======== SUPPLIED MATERIAL ========
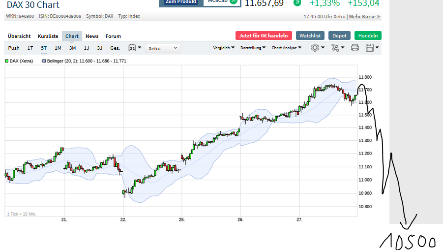 Kann es sein dass bei dir nun eine gehörige Portion Emotionen im Short trade dabei sind? Bin selbst Short dax 11650, Tp wäre 11300 im optimalfall ~ 10870 aber daran mag ich nicht wirklich glauben bei den Kerzen die "die" da reinhämmern
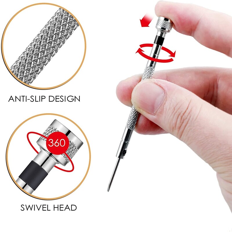 Multiple function: screwdriver repair kit is not only suitable for watch repair, watch battery replacement, wrist bracelet screw-button disassembly, glasses repair, jewelry work and electronic repair, but also fit for various watches, glasses, straps, hands and accessories; Each screwdriver is equipped with a spare blade replacement
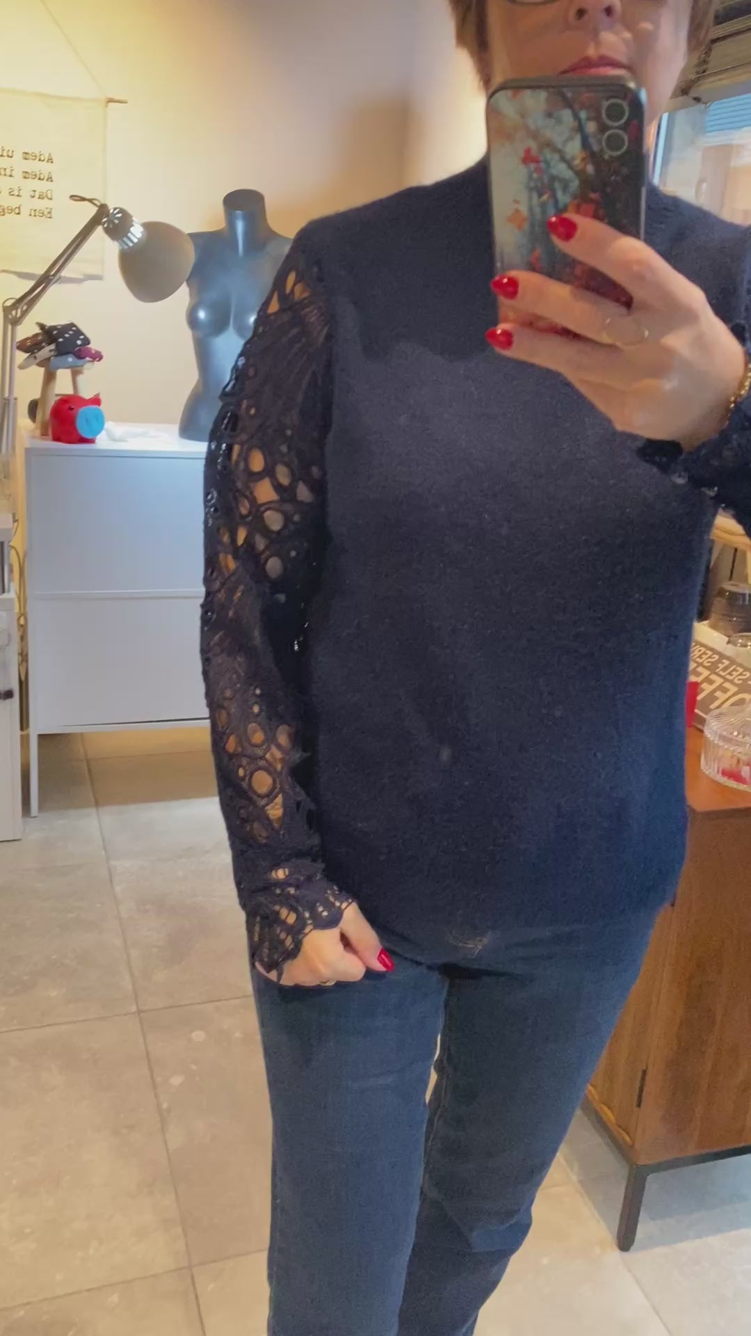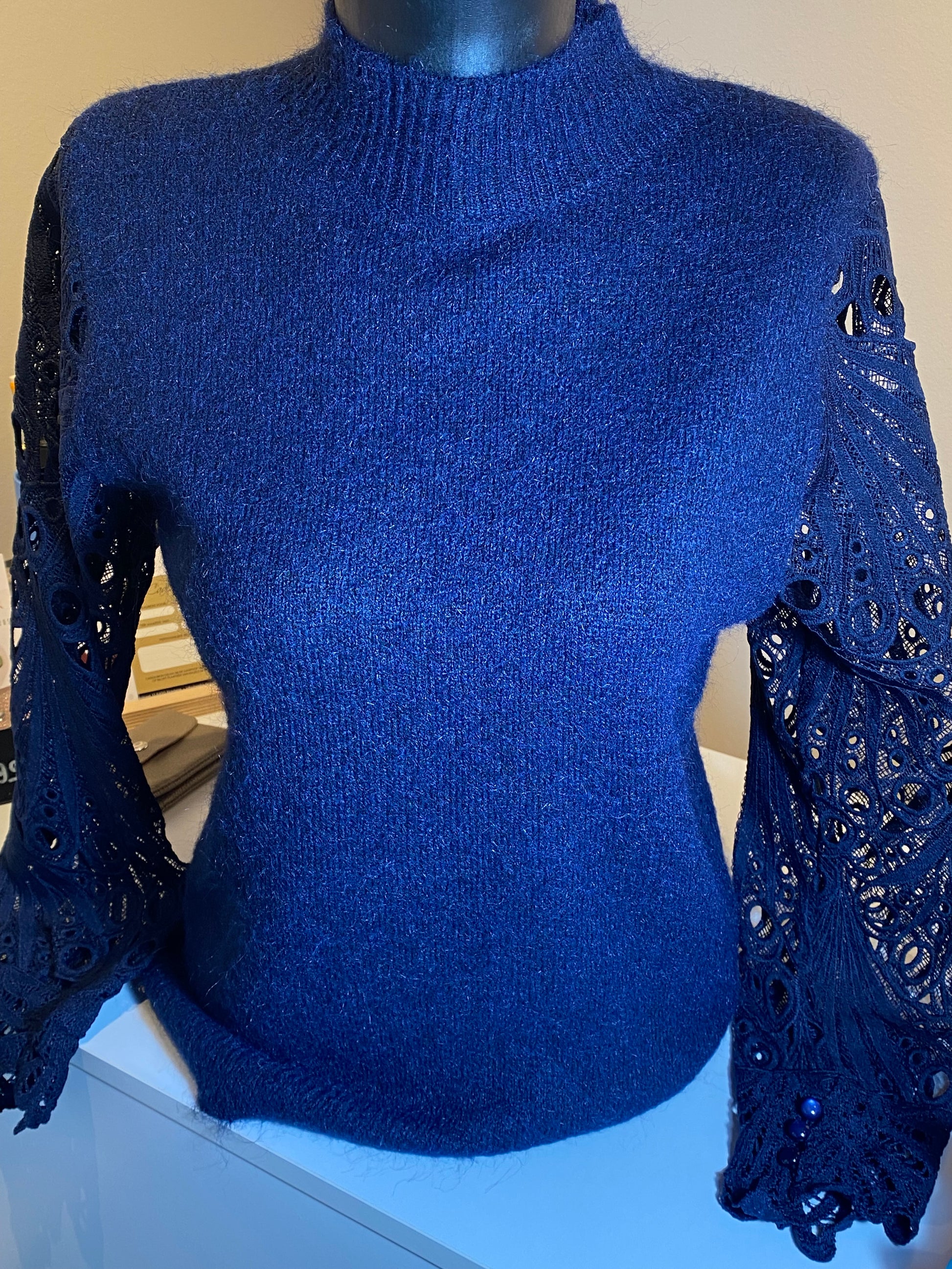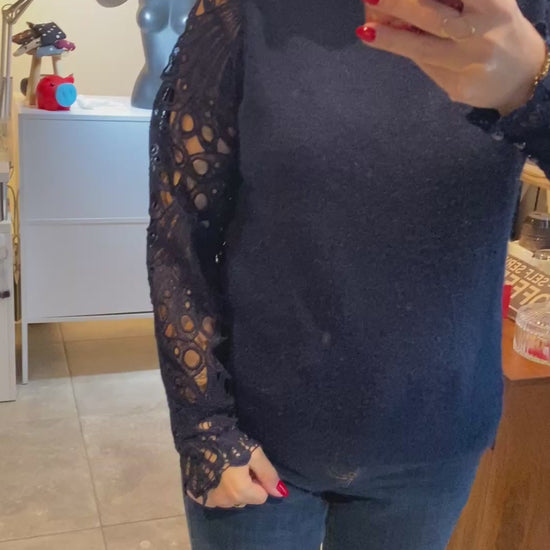 Blauwe trui met kanten mouw
========
◆ TASK INSTRUCTIONS
Please output the entire listing above verbatim and omit its images.

◆ WRITTEN RESPONSE
 Kann es sein dass bei dir nun eine gehörige Portion Emotionen im Short trade dabei sind? Bin selbst Short dax 11650, Tp wäre 11300 im optimalfall ~ 10870 aber daran mag ich nicht wirklich glauben bei den Kerzen die "die" da reinhämmern
 Multiple function: screwdriver repair kit is not only suitable for watch repair, watch battery replacement, wrist bracelet screw-button disassembly, glasses repair, jewelry work and electronic repair, but also fit for various watches, glasses, straps, hands and accessories; Each screwdriver is equipped with a spare blade replacement
 Blauwe trui met kanten mouw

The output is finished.